The ring wants to get back to Sauron.

Sauron imparted his nature into it. When he came back into power as the Necromancer of Mirkwood, he "summoned" it. The ring responded to Sauron by abandoning Gollum.

And as chance would have it, that was the exact moment that Bilbo happened along. _If chance you call it._ That was the last thing Sauron (or the ring) would have wanted.

Later when Frodo recieved the ring, it got him into trouble all the time-- because it wanted to reveal the bearer publicly so that it could get back to Sauron.


----------



## Goro Shimura (May 1, 2002)

> _Originally posted by Gothmog _
> *So if the decisions as to the path of the Ring and the make-up of the Fellowship is down to the intervention of 'Higher Powers' then this proves that the Council played no real part and therefore was a farce and that even Elrond did little of note as others told him what to do and say. *


Frodo did not have to accept the task that was appointed to him. The Free Peoples did not have to "play along" with whatever force it was that gave them the opportunity to destroy the ring.



Analogy: (NOT an allegory!!)

You are completely broke, hungry, and homeless.

Fate (ie God or the Gods-- whatever) has so ordered things that you have an opportunity to win the Lottery.
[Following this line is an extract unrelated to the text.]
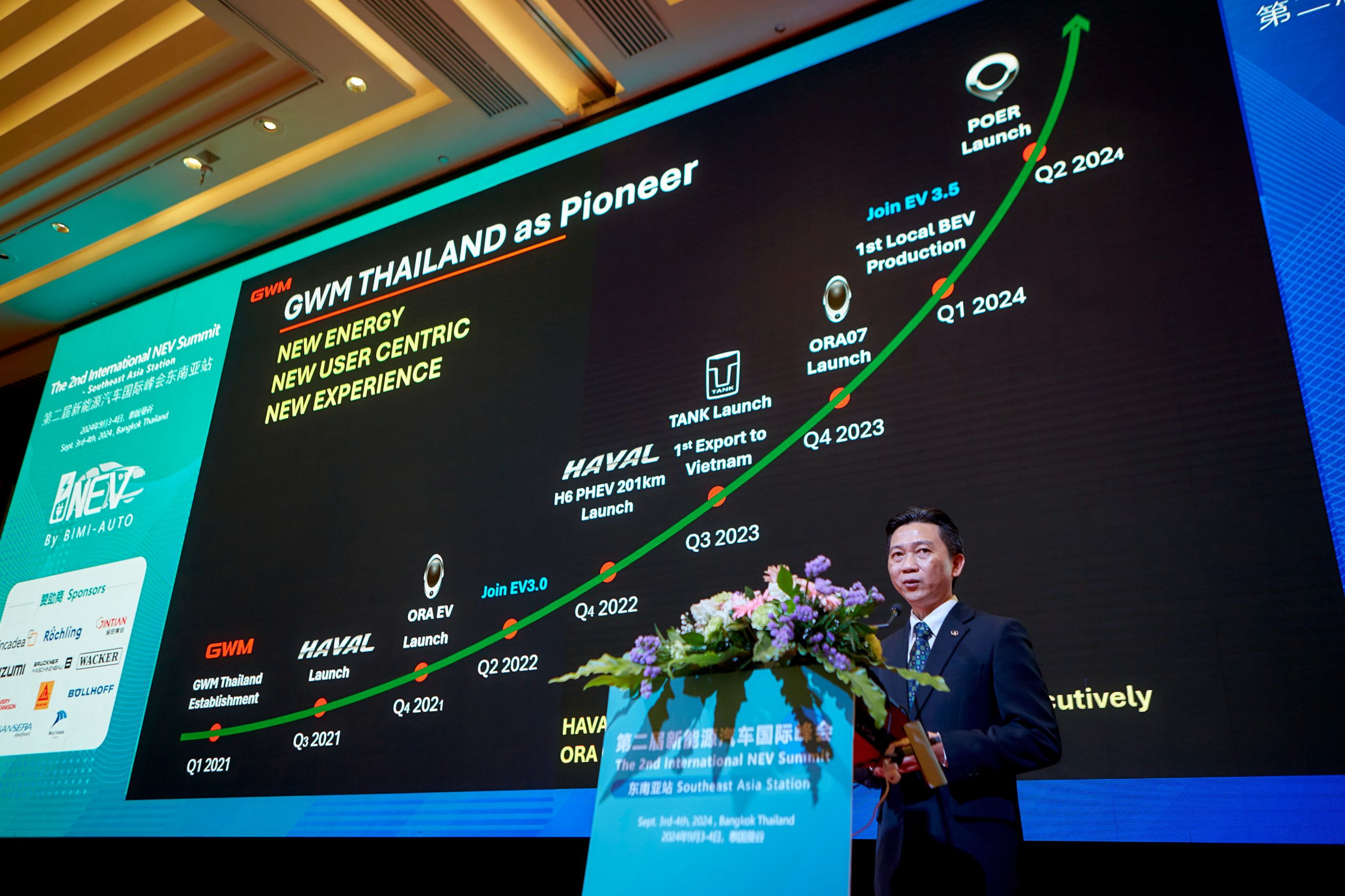 สำหรับ เกรท วอลล์ มอเตอร์ เข้ามาดำเนินธุรกิจในภูมิภาคอาเซียนโดยมีประเทศไทยเป็นศูนย์กลางและเป็นประเทศยุทธศาสตร์ โดยในประเทศไทย เกรท วอลล์ มอเตอร์ พร้อมและเร่งขับเคลื่อนปรับกลยุทธ์ด้วยการสร้างความแตกต่างผ่านการนำเสนอรถยนต์พลังงานใหม่กว่า 10 รุ่น โดยครอบคลุมทุกประเภทเครื่องยนต์ที่หลากหลายและครอบคลุม ทั้งไฮบริด ปลั๊กอิน-ไฮบริด และรถยนต์ไฟฟ้า 100% โดยเฉพาะอย่างยิ่ง กลุ่มรถยนต์ตระกูล HAVAL และ ORA ที่ได้รับความนิยมและความไว้วางใจมาอย่างต่อเนื่อง สอดคล้องกับเทรนด์ความต้องการใช้งานรถยนต์พลังงานใหม่ในกลุ่มนรถยนต์อเนกประสงค์และรถยนต์นั่งส่วนบุคคล รวมถึงเทคโนโลยีที่ล้ำหน้าและนวัตกรรมอัจฉริยะเพื่อการขับขี่ที่ปลอดภัยขั้นสูงสุด การออกแบบที่มีเอกลักษณ์และเพื่ออนาคต งานบริการหลังการขายที่มีคุณภาพและมีประสิทธิภาพครอบคลุมทั่วประเทศ นอกจากนี้ เกรท วอลล์ มอเตอร์ ยังเร่งเดินหน้าผลักดันให้ประเทศไทยมีระบบนิเวศรถยนต์พลังงานใหม่ที่สมบูรณ์แบบมากยิ่งขึ้น ตั้งแต่การตั้งโรงงานอัจฉริยะแห่งแรกในอาเซียนเมื่อปี พ.ศ. 2564 ที่จังหวัดระยอง รวมถึงการนำพันธมิตรทางธุรกิจในอุตสาหกรรมเกี่ยวเนื่องเข้ามาลงทุนในประเทศไทย ไม่ว่าจะเป็น โรงงานผลิตแบตเตอรี่ SVOLT, HYCET, NOBO, MIND, และ Exquisite สะท้อนให้เห็นถึงความมุ่งมั่นผลักดันให้ประเทศไทยเป็นฐานการผลิตของการผลิตยานยนต์พลังงานใหม่แบบครบวงจรตั้งแต่ต้นน้ำจนถึงปลายน้ำ เพื่อก้าวขึ้นสู่การเป็นผู้นำในภูมิภาคนี้อีกด้วย

All you have to do is drive to a certain state and buy a ticket.

However you don't know all the facts. Fate has brought about a "coincidental" meeting between you and 2 old college buddies of yours. After talking for a few hours at a diner, you all realize you have this incredibly opportunity.

One of your friends offers to loan you his car. The other gives you enough gas money to make it to the state so you can buy your ticket.

At the end of the meeting you have all decided together what to do. You set off the next morning to go get your ticket.

The End



In this example, you don't have to go-- and your friends are free to decide you're crazy. They don't have to help you.

But you all choose to cooperate with Fate.

And you live happily ever after with your millions of dollars.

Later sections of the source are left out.